About this task
Print nothing beyond the line with "青特星城142㎡三室兩廳客廳新中式風(fēng)格裝修案例效果圖": every line from the beginning of the data up to it, that line included, and no pictures.

Records provided Block Start

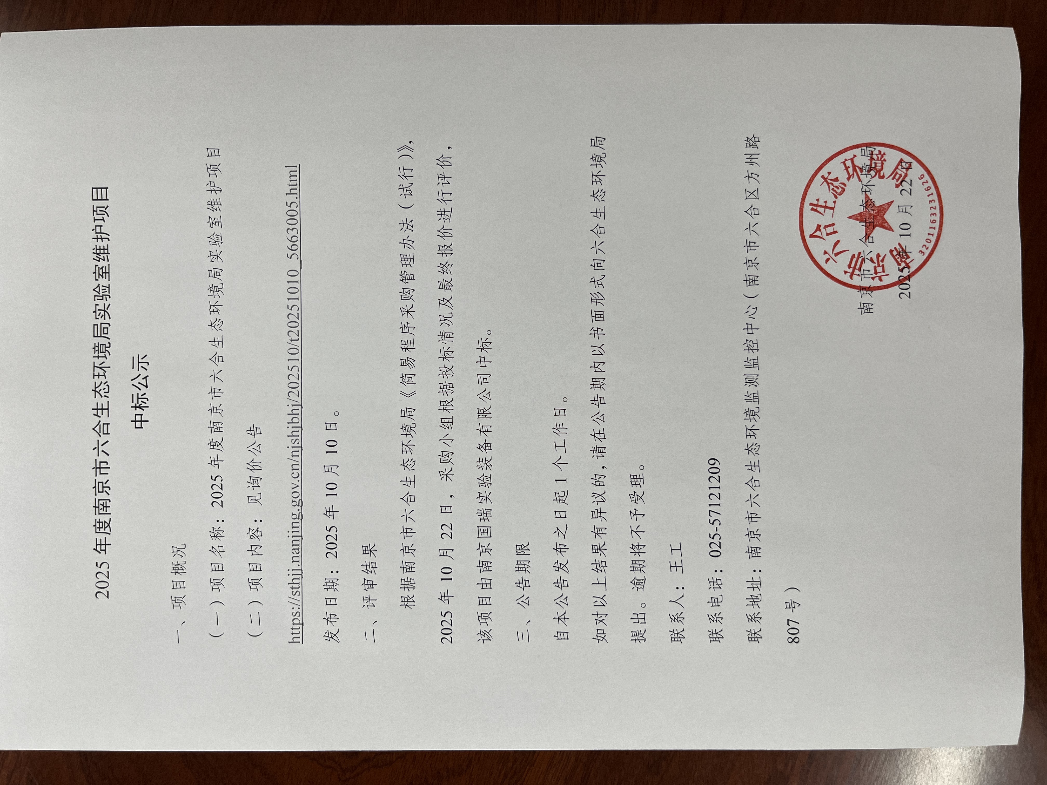 文件下载: | 2025年度南京市六合生态环境局实验室维护项目中标公示.jpg | ||
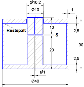 - Zwischen Deckel und Topf existiert infolge unvermeidlicher Toleranzen und Oberflächen-Rauhigkeiten ein luftgefüllter Restspalt sDeckel im µm-Bereich
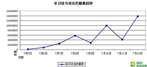 圖片說(shuō)明:7月4日以來(lái)針對(duì)微軟視頻漏洞的單日“掛馬”攻擊攔截量走勢(shì)圖
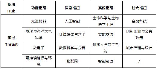 A:不同于传统的院系设置,港科广采用枢纽(hub)和学域(thrust)两级学术架构。各个领域交叉互通,学生们可以更好地建立多领域的专业知识系统,从而进行跨学科探索研究。目前已开设4个枢纽,下设15个学域,都已开放招生。
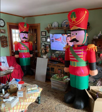 The soldiers are perfect size for the garage. And, all the garland with new lights running across the garage.
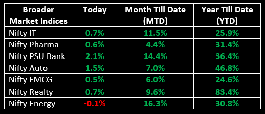 On December 27, the benchmark indices achieved new milestones, closing higher for the fourth consecutive session, with Nifty reaching 21,650. The market commenced on an optimistic note amid positive global cues and continued to gain throughout the day. While some profit booking occurred at mid-session, last-hour buying aided indices in closing near the day's high. Except for the oil & gas and power sectors, all other sectoral indices concluded in the green, with the auto, bank, and metal sectors each gaining 1%.
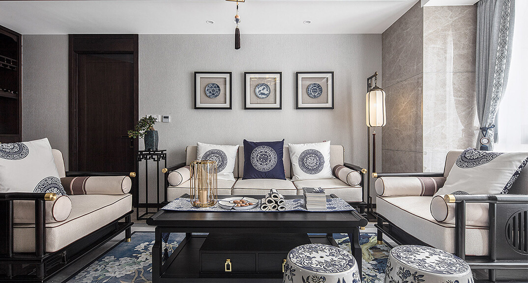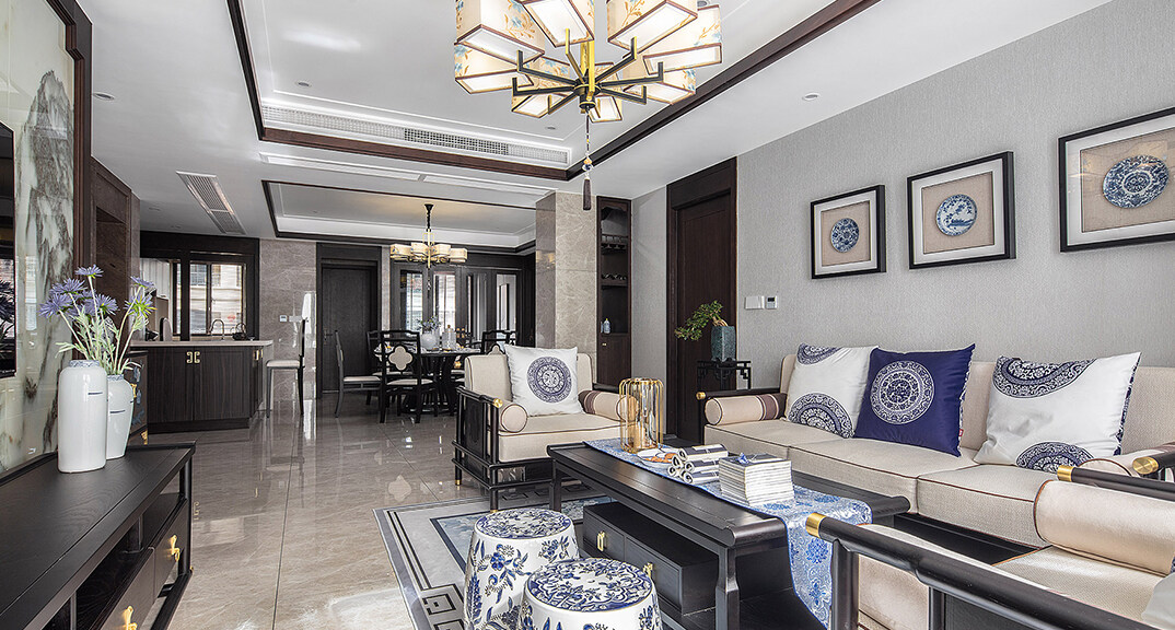 青特星城142㎡三室兩廳客廳新中式風(fēng)格裝修案例效果圖
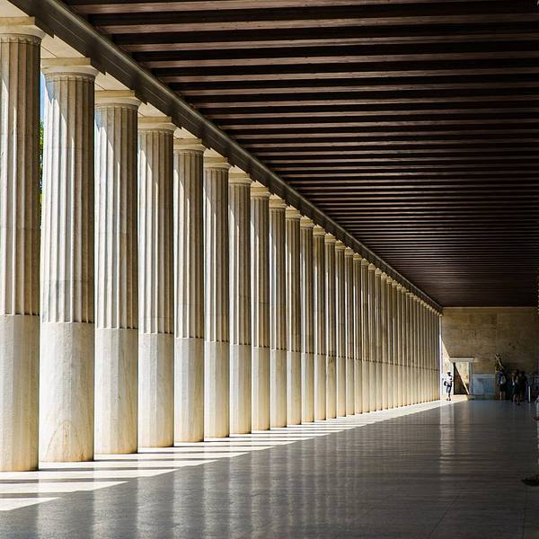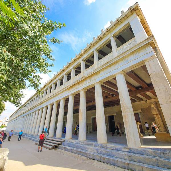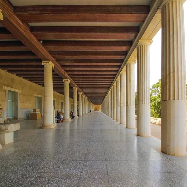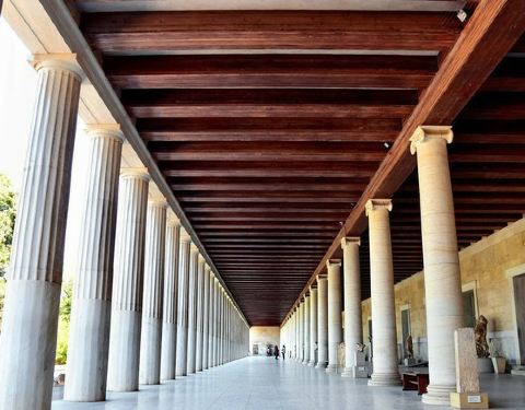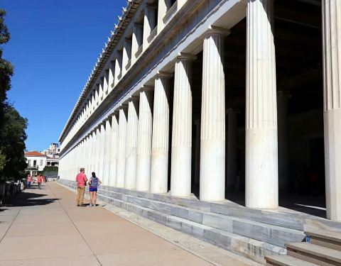 阿塔罗斯柱廊是位于雅典古市集的一个宏伟的柱廊,由帕加马国王阿塔罗斯二世兴建,作为他在此地接受教育的礼物赠送给雅典,如今的柱廊是被摧毁后重新按照原建筑一比一复原建成的。柱廊是典型的希腊化时期建筑,比起古典时期的建筑,建筑尺度更大,也更细致,建造艺术也更加成熟。柱廊的精妙之处在于外廊和内部采用不用的柱式。底层的外廊使用多立克柱式,内部是爱奥尼亚柱式,二楼的柱廊外廊和内部也是不同的两种风格,很值得好好欣赏、细细研究。柱廊曾经被日耳曼人摧毁成废墟,之后由洛克菲勒家族捐资重新修建,成为现在的雅典古市集博物馆。这座唯一被完全复原的建筑物在古迹研究上非常具有价值。
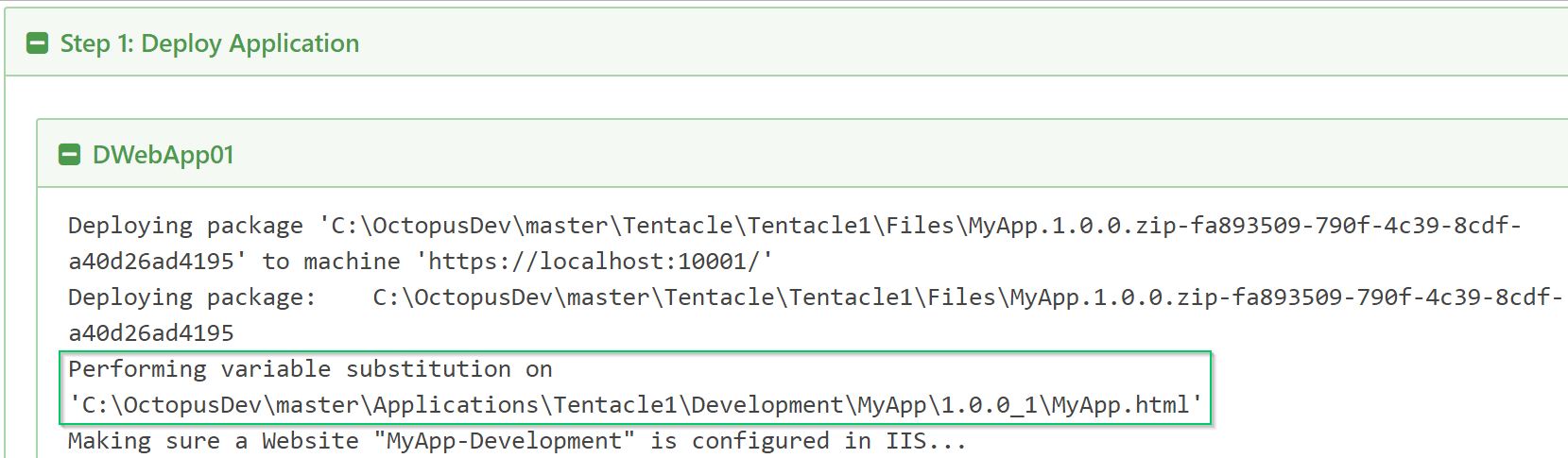 Now when we create a release for this project and deploy it we can see that Octopus has found the MyApp.html file and substituted the variable values into our expressions.
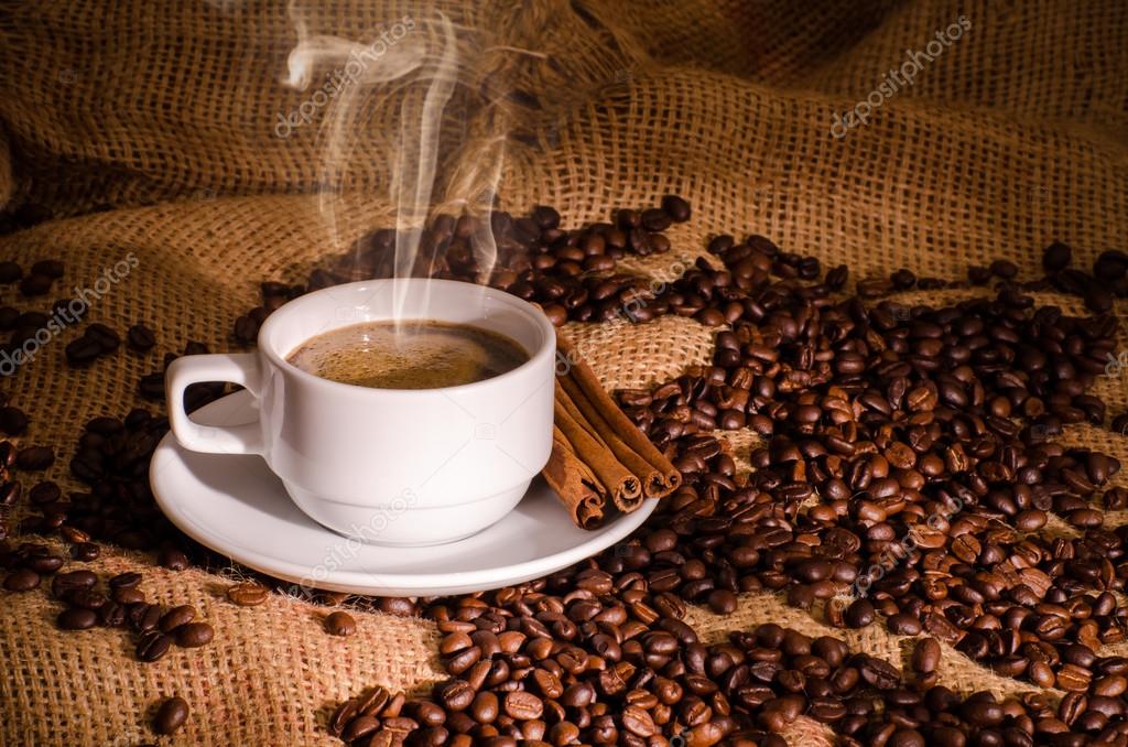 - Белая чашка кофе и кофейные зерна вокруг
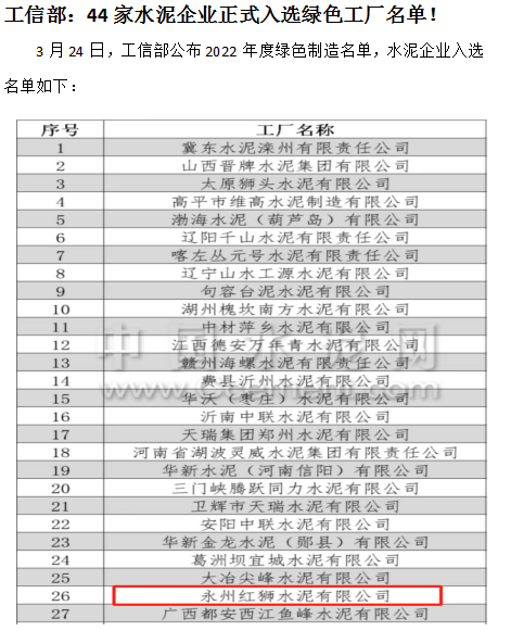 3月24日,國家工業和信息化部下發《關于公布2022年度綠色制造名單的通知》,44家水泥企業入選“綠色工廠”名單,永州紅獅為其中之一。
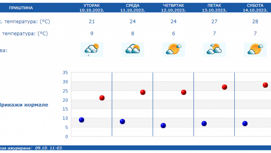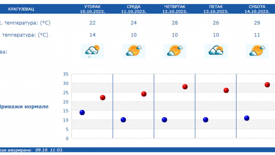 Nova radna nedelja nas uvodi u toplije vreme, pa se već krajem nedelje očekuju teperature i do 29 stepeni.Međutim, od naredne nedelje očekujmo kišu, lokalne pljuskove sa grmljavinom i pad temperature.

Records provided Block End

Final answer
 文件下载: | 2025年度南京市六合生态环境局实验室维护项目中标公示.jpg | ||
 - Zwischen Deckel und Topf existiert infolge unvermeidlicher Toleranzen und Oberflächen-Rauhigkeiten ein luftgefüllter Restspalt sDeckel im µm-Bereich
 圖片說(shuō)明:7月4日以來(lái)針對(duì)微軟視頻漏洞的單日“掛馬”攻擊攔截量走勢(shì)圖
 A:不同于传统的院系设置,港科广采用枢纽(hub)和学域(thrust)两级学术架构。各个领域交叉互通,学生们可以更好地建立多领域的专业知识系统,从而进行跨学科探索研究。目前已开设4个枢纽,下设15个学域,都已开放招生。
 The soldiers are perfect size for the garage. And, all the garland with new lights running across the garage.
 On December 27, the benchmark indices achieved new milestones, closing higher for the fourth consecutive session, with Nifty reaching 21,650. The market commenced on an optimistic note amid positive global cues and continued to gain throughout the day. While some profit booking occurred at mid-session, last-hour buying aided indices in closing near the day's high. Except for the oil & gas and power sectors, all other sectoral indices concluded in the green, with the auto, bank, and metal sectors each gaining 1%.
 青特星城142㎡三室兩廳客廳新中式風(fēng)格裝修案例效果圖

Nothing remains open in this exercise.